The mere possibility of such powers is a real problem for oil and gas firms. If the wishes of the territory are ignored, the industry could eventually face a regulator whose will it had earlier flouted. In any case, energy firms have repeatedly and loudly proclaimed that they want, and need, the support of aboriginal populations before they go ahead with such megaprojects, a reflection -- at least in part -- of the need for political stability when contemplating investments running into the billions of dollars.

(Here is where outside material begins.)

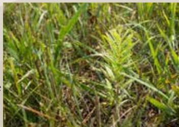
Butterfly milkweed ( Asclepias tuberosa ) seedling

Overall, our results from this year look promising for enhancing grassy roadsides with milkweeds for monarch habitat. Simply planting milkweeds in roadsides may be a cost-effective means of enhancement since they emerged as seedlings relatively well, even without any follow-up management. Still,

There is far from universal support for Mr. Kakfwi's position, and it seems possible that the aboriginal self-governments might not back the territorial government if devolution talks fell apart. Some aboriginal bands, most recently the Tli Cho in the region northwest of Yellowknife, have signed land claim agreements that hand them new powers, and more money in the form of a guaranteed percentage of federal royalties from the territory.
The Tli Cho's chief negotiator for that agreement says his band's support for diamond mines and the pipeline is unlikely to change if the territorial government fails to secure its own share of federal royalties. "It wouldn't change the megaprojects," John B. Zoe says.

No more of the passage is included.